月の女神

動き出してすぐに始まったカラオケ大会。

これから一日は長いし寝ようかなと思ったけれど、車内うるさくて寝れなかった。

だけど、そのおかげで結真のように話しかけられることもなくて、みんなわいわい盛り上がって終わったかな。



「カラオケかー…。
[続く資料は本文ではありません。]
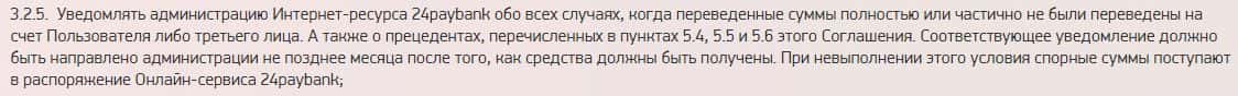 Почти на треть года проходимцы 24PayBank Net могут заморозить любую из обменных операций и проводить так называемые "расследования", пока жертва забудет про средства.
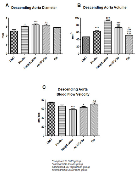 Descending aorta variations of diameter (A), volume (B) and blood flow velocity (C) in rats with 9 months of HFD and the last month with experimental-induced diabetes mellitus and treatment: CMC (carboxymethylcellulose), insulin, pioglitazone, AuNPsCM (gold nanoparticles functionalized with Cornus mas L. extract) or CM (Cornus mas). The parameters were expressed as means ± SD (* p < 0.05, ** p < 0.01, *** p < 0.001 compared to CMC group; ˆˆˆ p < 0.001 compared to Insulin group; && p < 0.01, &&& p < 0.001 compared to Pioglitazone group; ### p < 0.001 compared to AuNPsCM group).
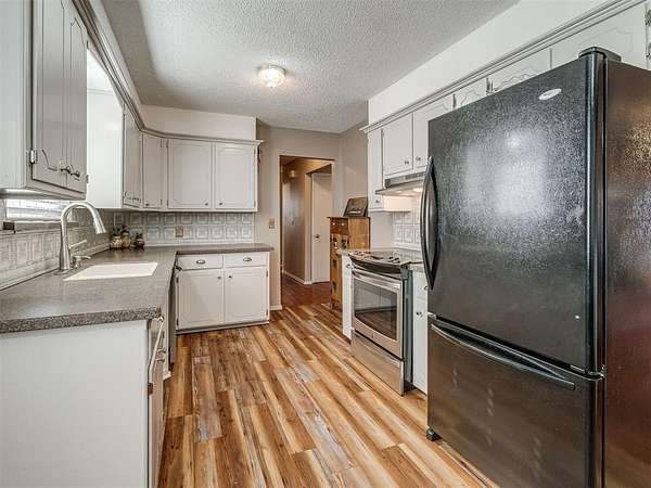 Est $1,486/mo2 bed 2 bath 2 car garage on 2 acres MOL. Metal roof, kitchen recently painted, wood look flooring in the kitchen, dining, living area, hall way and bedrooms. Updated bathrooms. Laundry is in the garage. Stand up storm shelter on back patio area. Storage building/barn for the lawn equipment. Has a fenced garden area. Choctaw Schools.
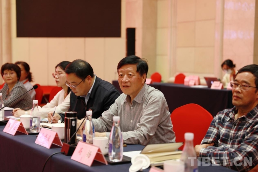 圖為北京建藏援藏工作者協(xié)會(huì)會(huì)長(zhǎng)金書波(前排右二)發(fā)言 攝影:劉莉
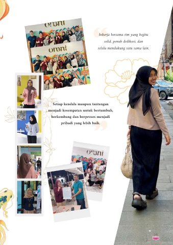 bekerja bersama tim yang begitu solid, penuh dedikasi, dan selalu mendukung satu sama lain. Setiap kendala maupun tantangan menjadi kesempatan untuk bertumbuh, berkembang dan berproses menjadi pribadi yang lebih baik. 16
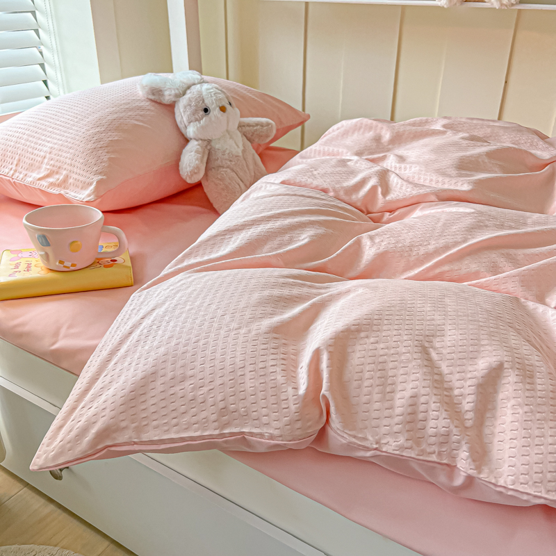 当前位置: 91家纺网 > 商品网购 > 床品套件 > 四件套 > 水洗棉四件套 > 悦织湾家纺 2025新款华夫格压泡亲肤学生宿舍三件套单人床轻奢时尚四件套 华夫格-浅粉
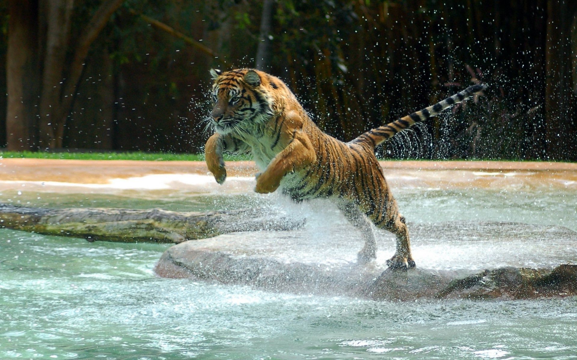 Wildlife with a tiger jumping over the water
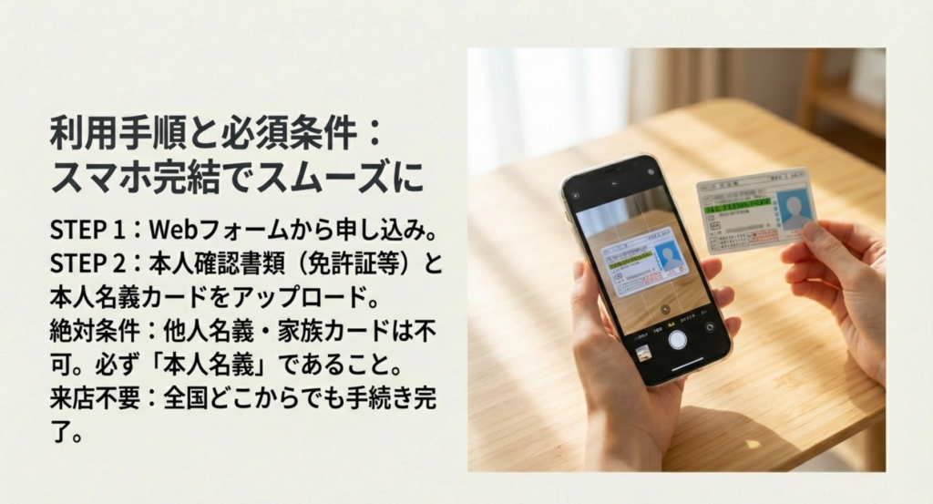 公式サイトの申し込みフォームに、氏名、電話番号、メールアドレス、希望金額などを入力して送信するだけ。その後、スタッフから内容確認の連絡が来ますが、それも電話一本で済みます。必要書類(身分証)の提出も、スマホで写真を撮ってメールや専用フォームで送るだけなので、コピーを取って郵送するような手間は一切ありません。
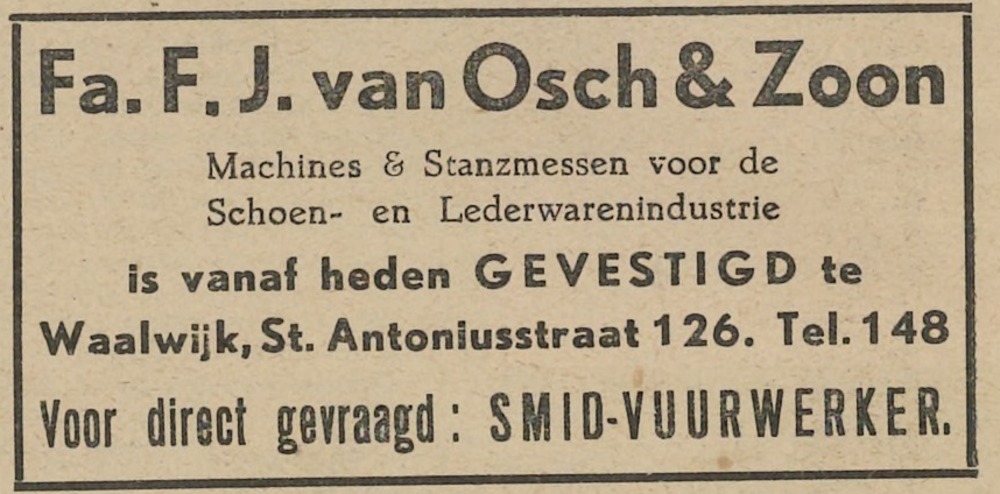 Advertentie van smid Fer van Osch uit De Echo van het Zuiden, 9 februari 1924
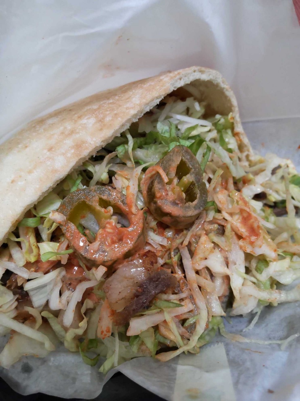 食べ始めから最後までたっぷり詰まっている濃厚ビーフと、フレッシュな野菜とまったりとした辛口ソースが絡み合って大変美味しいケバブサンドです❗️🐂※量大盛り+100円にしました
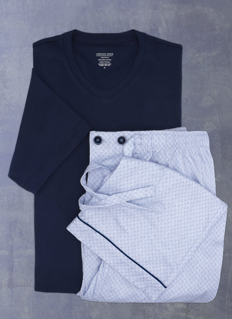 The Perfect Men's Knit Pajama Set in Light Blue Print
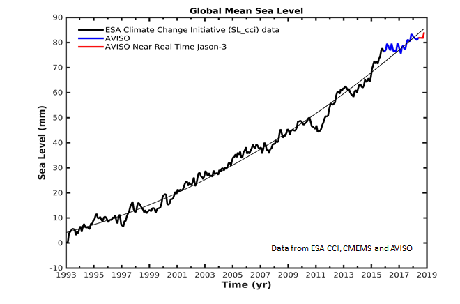 Globálne údaje o úrovni [priemernej] hladiny svetových oceánov (GMSL, Obr. 3), dostupné do konca októbra 2018, naznačujú, že v období od januára do júla 2018 GMSL bola o 2 až 3 mm vyššia ako v porovnateľnom období v roku 2017. GMSL tak ostáva na veľmi vysokej úrovni (+8 cm v porovnaní s obdobím v roku 1993) po tom, ako medzi obdobím 2014-2016 (v dôsledku javu El Niño) vzrástla jej hodnota o takmer 2 cm.
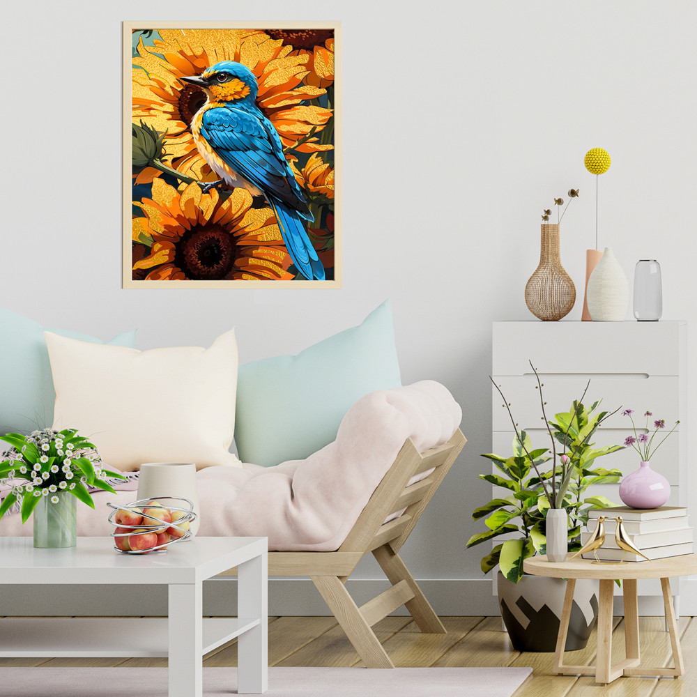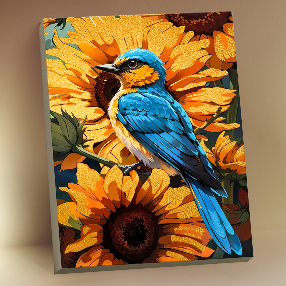 Флюид Картина по номерам с поталью «Синяя птица в подсолнухах»-20% +114
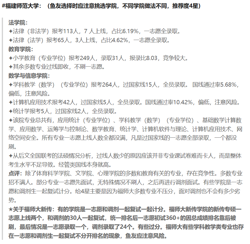 tips:比處,我們不分析專(zhuān)業(yè)課難度。因?yàn)閷?zhuān)業(yè)課難度需要通過(guò)生源比對(duì)+專(zhuān)業(yè)課具體狀況等因素才能定檔。意思就是如果有人和你說(shuō)專(zhuān)業(yè)課很難,這未必準(zhǔn)確。我還要演過(guò)對(duì)比其他公共課的情況才能進(jìn)行一定程度的比較。比如福師大,其法律碩士(非法學(xué))過(guò)線的比例非常低,不知道的人還以為他們專(zhuān)業(yè)課很難。實(shí)則是考生整體水平一般導(dǎo)致的。當(dāng)然,法律碩士整體來(lái)說(shuō)的過(guò)線的比例就是比較低的。
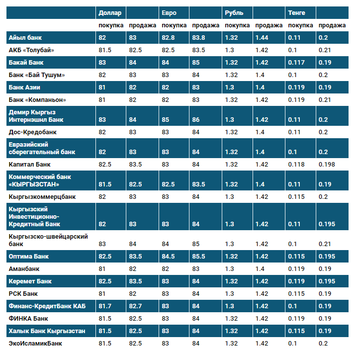 Курс доллара в коммерческих банках Кыргызстана на 14 июля

帰りバス交代しない?」


「…遠慮しとく」

本気で代わってほしそうだけど、僕も質問攻めはちょっと嫌だ。


笑顔で返せば、不満そうな顔が返ってきた。

「今日寝れないから少しでも寝ときたいんだけどな…」

今から研修が終わるまでのスケジュールを考えると、そうだよね。

「学生の時みたいに徹夜とかしたくないし」

「仮眠の時にがっつり寝るしかないよね…」

「せっかくホテルで寝れるのにがっつり寝れないのか…」

「しょうがないよ」

昔は寝なさいって言われても寝ずに起きてられたのになぁ。

もう徹夜すると、次の日が辛すぎるからなぁ…。




「…あ、佐田先生、向こうも点呼と注意、終わったらしいので」


英語科の先生から連絡があったのだろう。

話し終えた普通科担当の先生が、携帯を片手に結真に声をかける。


「あ、はい。美術館の方ですよね。行きます」



「えーー…先生行っちゃうの?」



「なんで英語科の方なのー」


一番最前列の子たちをはじめ、ざわざわと嘆きだす生徒。